**Exercise brief**
Taking the line with "Welcome to Twenty" as the first, copy every line through the end of the records below exactly. Do not include pictures.

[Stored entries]
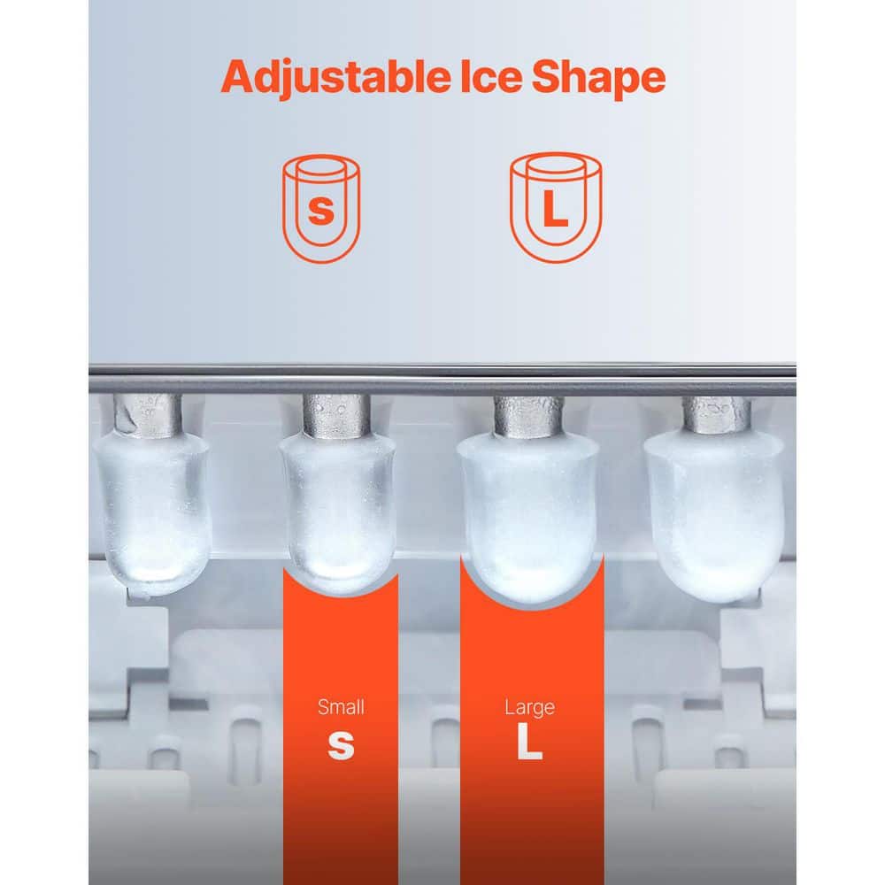 EUHOMY 9.4 in. 30 lb. Crescent Ice Portable Countertop Ice Maker in Silver with 3-Ice Sizes, Clean Cycle
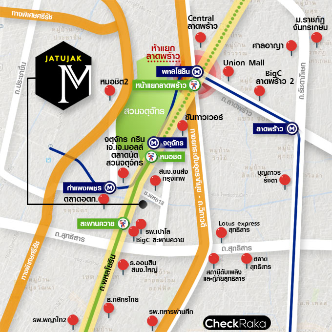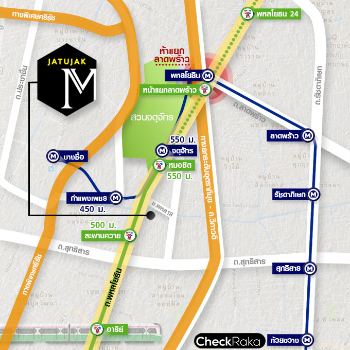 ซอยพหลโยธิน 18 ติดกับกรมการขนส่ง ไม่ไกลจากตลาดนัดสวนจตุจักร และตลาด อตก. ซึ่งทำเลตรงนี้จะเรียกว่าอยู่ตรงกลางระหว่าง BTS หมอชิต, MRT สวนจตุจักร, MRT กำแพงเพชร และ BTS สะพานควาย รวม 4 สถานีด้วยระยะเดินทางเพียง 5 นาที เลือกไม่ถูกเลยใช่มั้ยล่ะคะ จะเดินไปสถานีรถไฟฟ้าไหนดี ด้านหน้าสวนจตุจักรเอง ก็ยังเป็นศูนย์รวมรถประจำทางหลากสาย การเดินทางด้วยรถส่วนตัวก็สะดวก เนื่องจากโครงการอยู่ไม่ลึกมาก ใช้ถนนพหลโยธินเข้าเมือง-ออกเมืองได้สะดวก และซอยพหลโยธิน 18 เองก็สามารถทะลุไปซอยอินทามระ 15 ได้ค่ะ
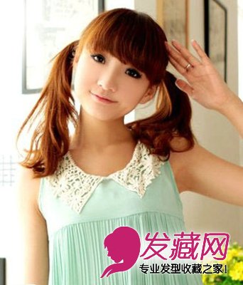 齐刘海发型扎法女生齐刘海发型,这款双扎的马尾发尾,给人一种返璞归真的童颜气质,整体上搭配清凉雪纺衫,给人清爽甜美的可爱气息。
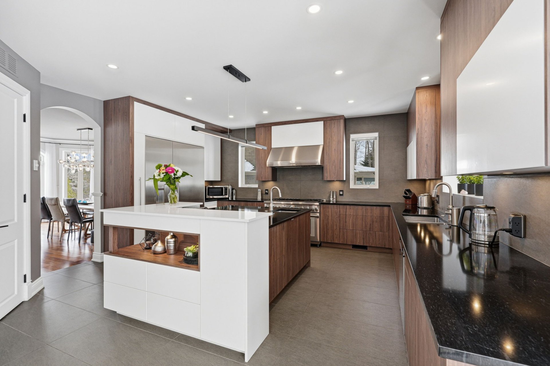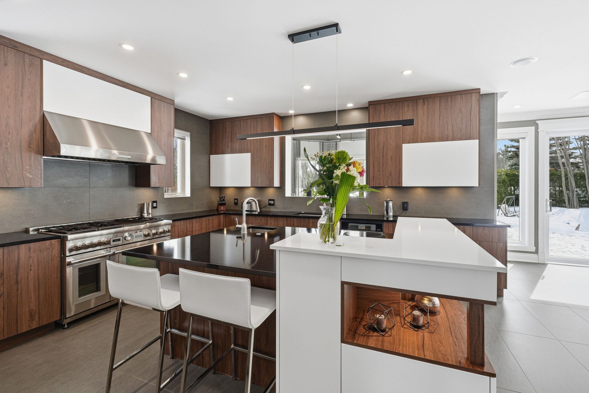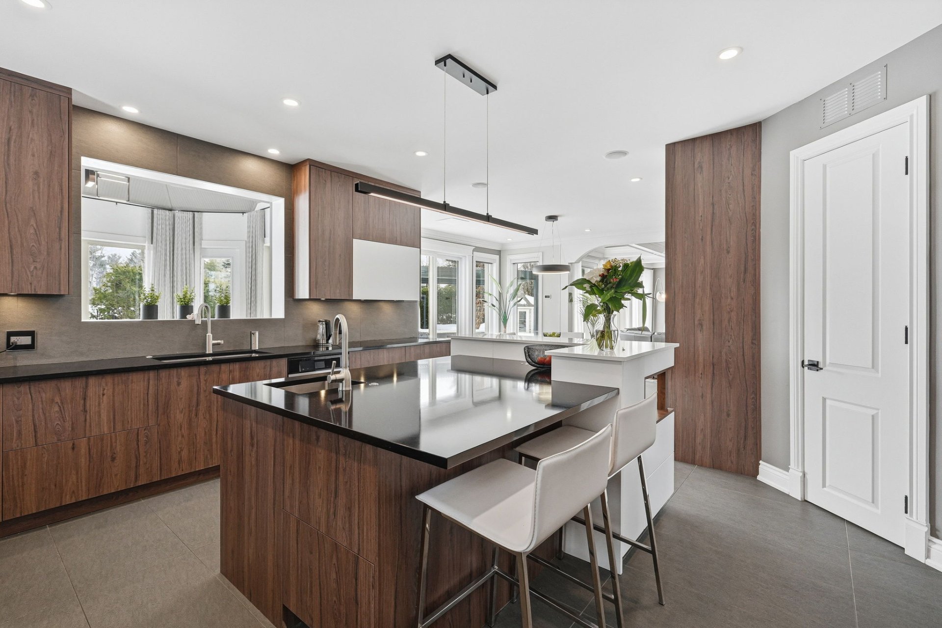 - Magnifique cuisine haut de gamme avec un immense îlot central muni d'un lavabo, comptoirs en Quartz, coin bar, et beaucoup de rangement.
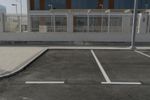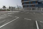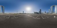 An aerial view of open public spaces, roads, and high-rises in the metropolitan area of Abu Dhabi, United Arab Emirates on a clear day. The lane lines, parking lots, and asphalt roads give the city its distinct infrastructure.
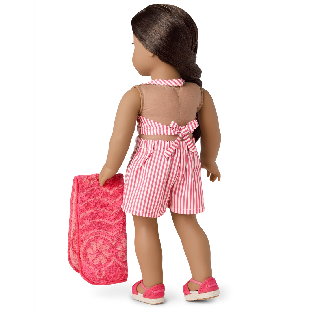 Nanea’s™ Two-Piece Swimsuit for 18-inch Dolls: A 1940s halter-style swim top with straps that tie into a bow at mid-back, plus swim shorts, espadrille shoes, and a towel
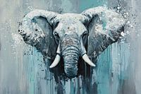 Dit unieke schilderij toont een indrukwekkende afbeelding van een olifant, met brede, majestueuze oren en prominente slagtanden. Het ontwerp is modern en expressief, met een dynamisch gebruik van verfspatten en een prachtige mix van blauw- en grijstinten. De olifant lijkt bijna uit het doek te stappen door de krachtige penseelstreken en gedetailleerde textuur, terwijl de verf druppelt en spettert, wat een extra dimensie geeft aan het werk. Dit schilderij voegt een vleugje wilde natuur toe aan elk interieur en is een perfecte eyecatcher voor in de woonkamer, een kantoorruimte of elke andere ruimte waar een kunstwerk van betekenis gewenst is. Het subtiele maar krachtige kleurgebruik maakt het makkelijk te combineren met verschillende interieurstijlen.
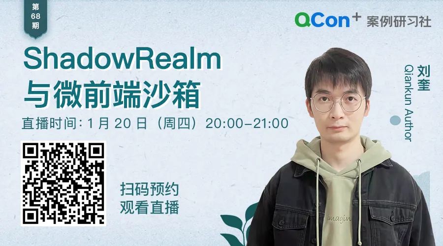 今晚 8 点,Qiankun Author 刘奎将直播分享「ShadowRealm 与微前端沙箱」,探索 ShadowRealm 在微前端场景的实践及结合思路。
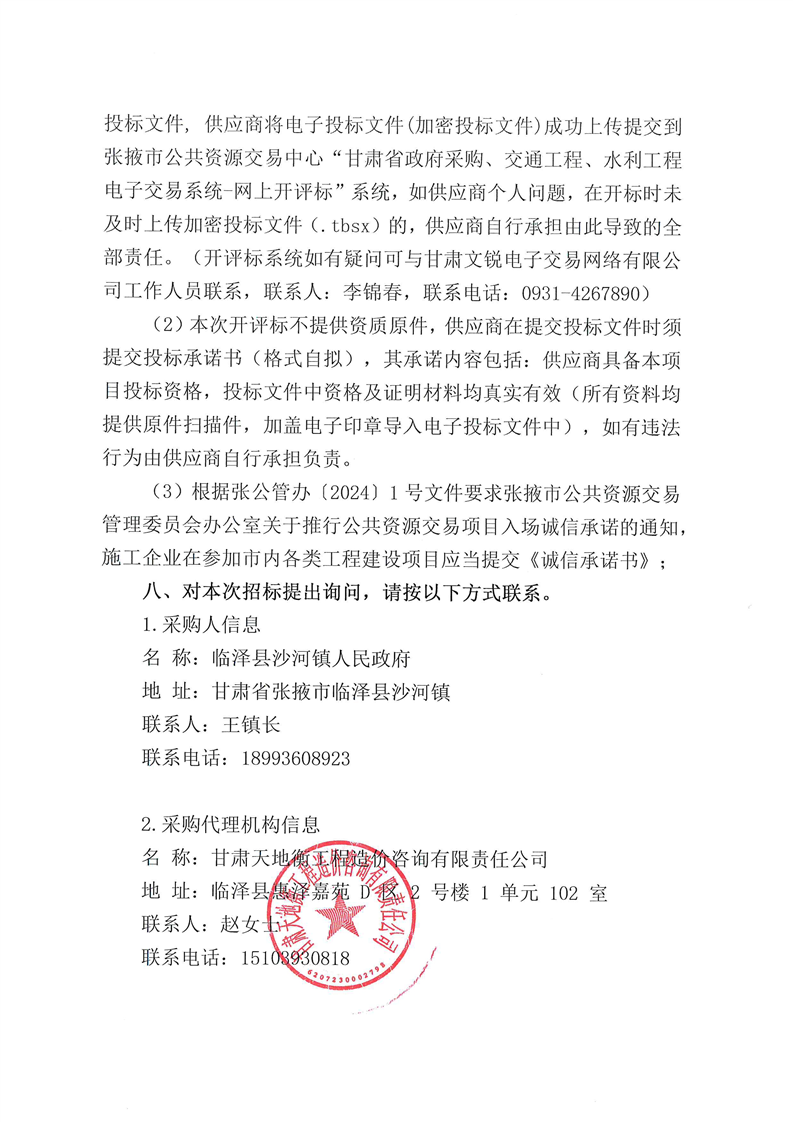 交易平台:张掖市公共资源交易中心临泽县分中心招标/采购项目编号:********************投标登记截止时间:********** **:**:**
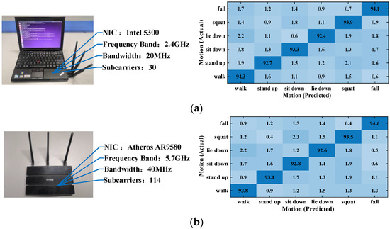 Portability is also an important measure of system performance. So, we tested it on Intel 5300 NIC platform and Atheros NIC platform respectively. The Atheros NIC platform consists of two TP-Link routers equipped with Atheros AR9580 NICs. The motion data were collected from the two platforms separately for comparison after processing using Wi-CAS. Figure 14 shows the parameters and action recognition results of the two NIC platforms.
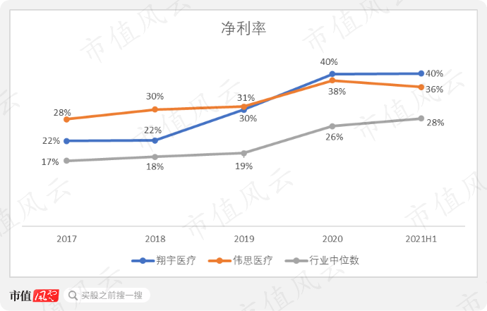 用同行的伟思医疗来进行利润端的对比,可以发现翔宇医疗创造利润的能力一直处于领先水平。
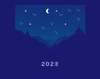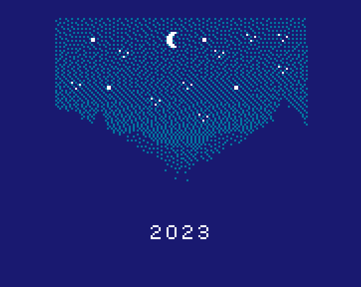 Welcome to Twenty Twenty Three! Each year, for the past decade or so, I've been making a 'cover art' piece to mark the new year. For 2023 I made it using Bitsy.
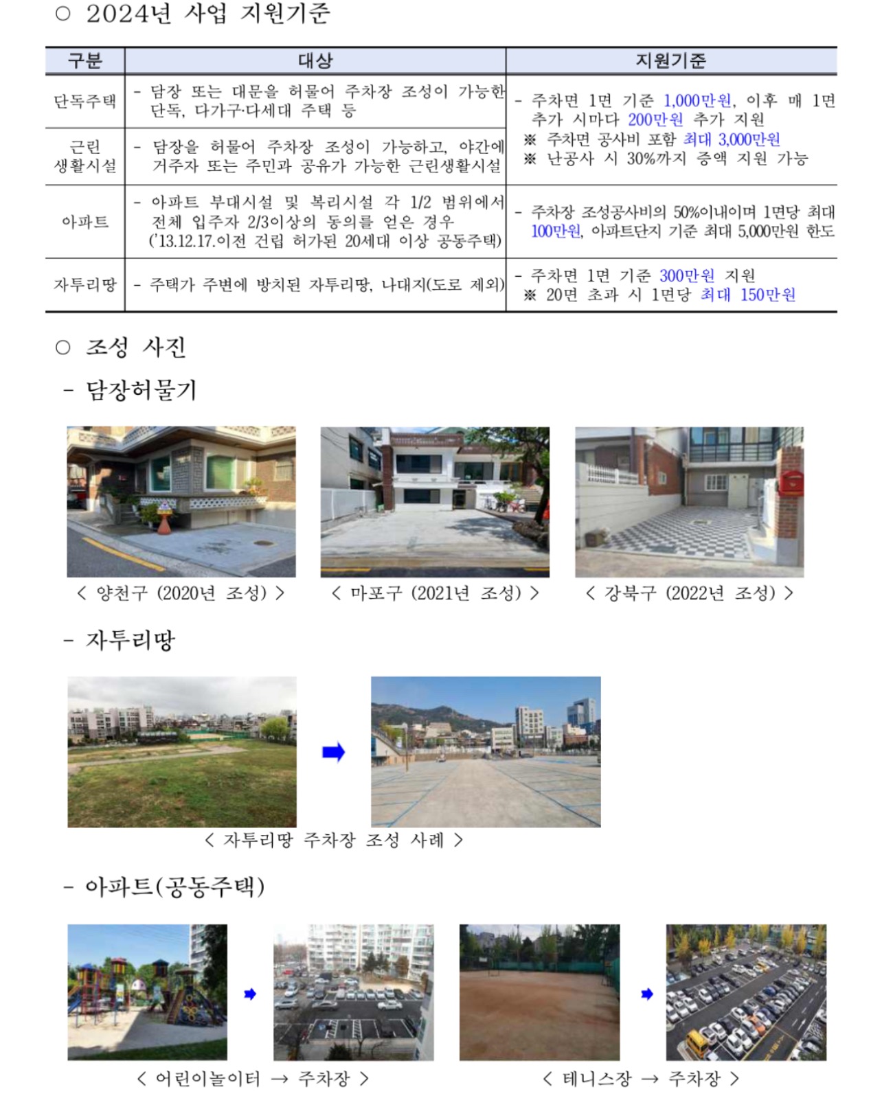 2024년 올해부터는 주차장을 조성하고자 하는 시민들을 위해 지원금을 1면당 1000만원으로 향상하는 등 지원폭을 확대했다고 합니다.
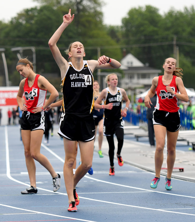 Mid-Prairie's Anna Hostetler pulled off the triple-distance gold at the state meet. She won the Class 2A 800, 1,500 and 3,000 meters. DFJ photo/Troy Banning
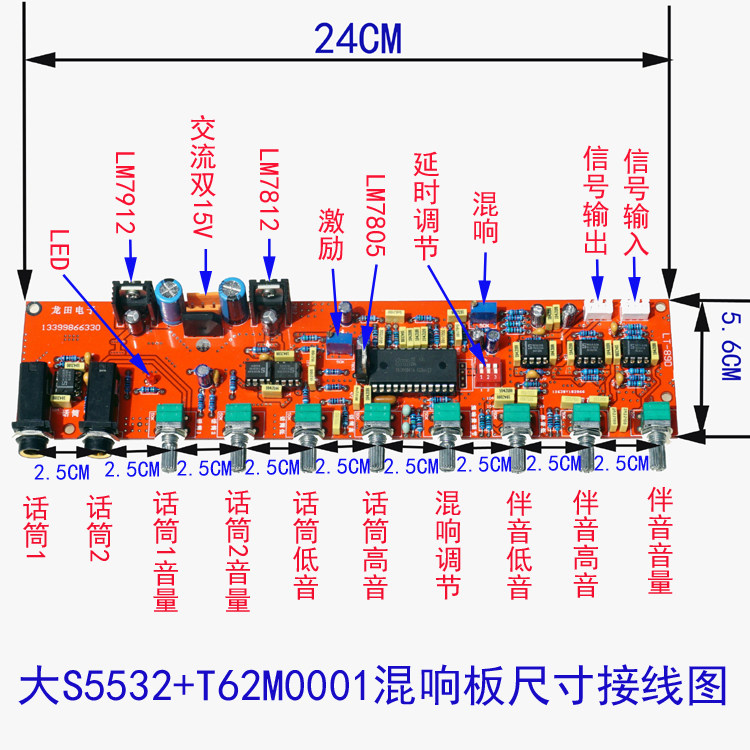 микрофон, потенциометрЦентральное расстояние: 2,5 см. Размер окружной платы:24x7.6x2.3cm.
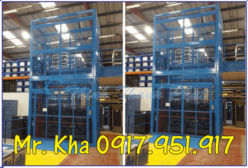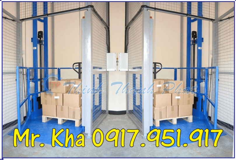 - Thang tải hàng - thang nâng thủy lực dùng để vận chuyển hàng hóa, nâng hạ máy móc trên trục sắt cố định, sử dụng lực truyền động xi lanh thủy lực, kết hợp với dây cáp tời nâng để đảm bảo an toàn tuyệt đối khi động cơ đang chạy.
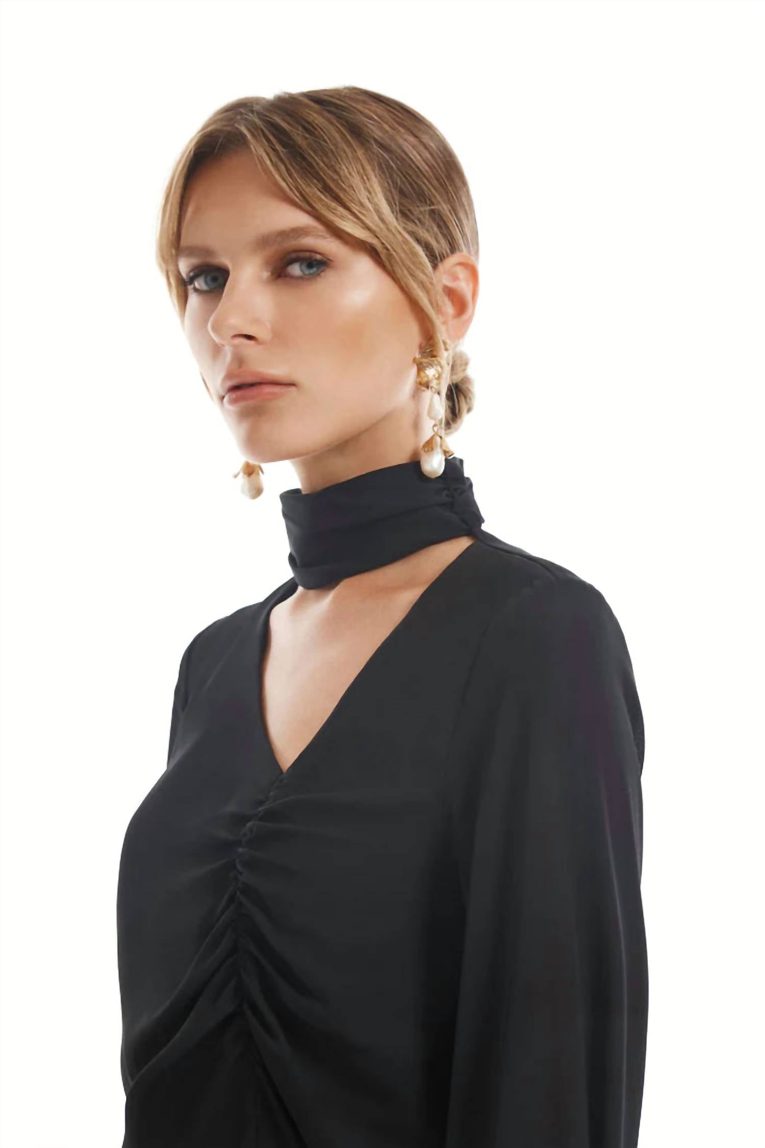 Эта романтичная блузка с развевающимся силуэтом отличается асимметричным вырезом-замочной скважиной и четкими манжетами с пуговицами.
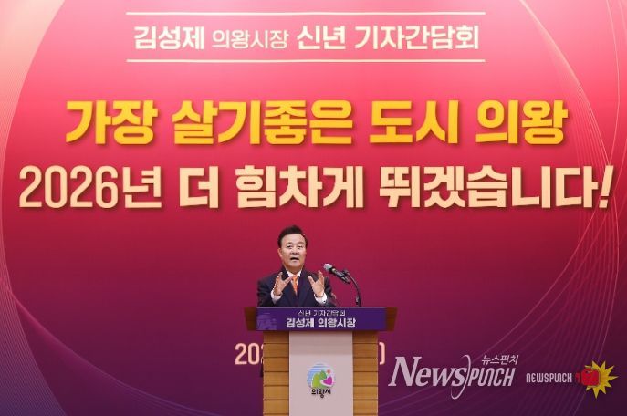 뉴스펀치 박상훈 기자 | 김성제 의왕시장이 5일 시청 대회의실에서 2026년 신년 기자간담회를 열고 민선8기 의왕시 주요성과와 2026년 시정 운영방향에 대해 설명하는 시간을 가졌다.

**Response**
 Welcome to Twenty Twenty Three! Each year, for the past decade or so, I've been making a 'cover art' piece to mark the new year. For 2023 I made it using Bitsy.
 2024년 올해부터는 주차장을 조성하고자 하는 시민들을 위해 지원금을 1면당 1000만원으로 향상하는 등 지원폭을 확대했다고 합니다.
 Mid-Prairie's Anna Hostetler pulled off the triple-distance gold at the state meet. She won the Class 2A 800, 1,500 and 3,000 meters. DFJ photo/Troy Banning
 микрофон, потенциометрЦентральное расстояние: 2,5 см. Размер окружной платы:24x7.6x2.3cm.
 - Thang tải hàng - thang nâng thủy lực dùng để vận chuyển hàng hóa, nâng hạ máy móc trên trục sắt cố định, sử dụng lực truyền động xi lanh thủy lực, kết hợp với dây cáp tời nâng để đảm bảo an toàn tuyệt đối khi động cơ đang chạy.
 Эта романтичная блузка с развевающимся силуэтом отличается асимметричным вырезом-замочной скважиной и четкими манжетами с пуговицами.
 뉴스펀치 박상훈 기자 | 김성제 의왕시장이 5일 시청 대회의실에서 2026년 신년 기자간담회를 열고 민선8기 의왕시 주요성과와 2026년 시정 운영방향에 대해 설명하는 시간을 가졌다.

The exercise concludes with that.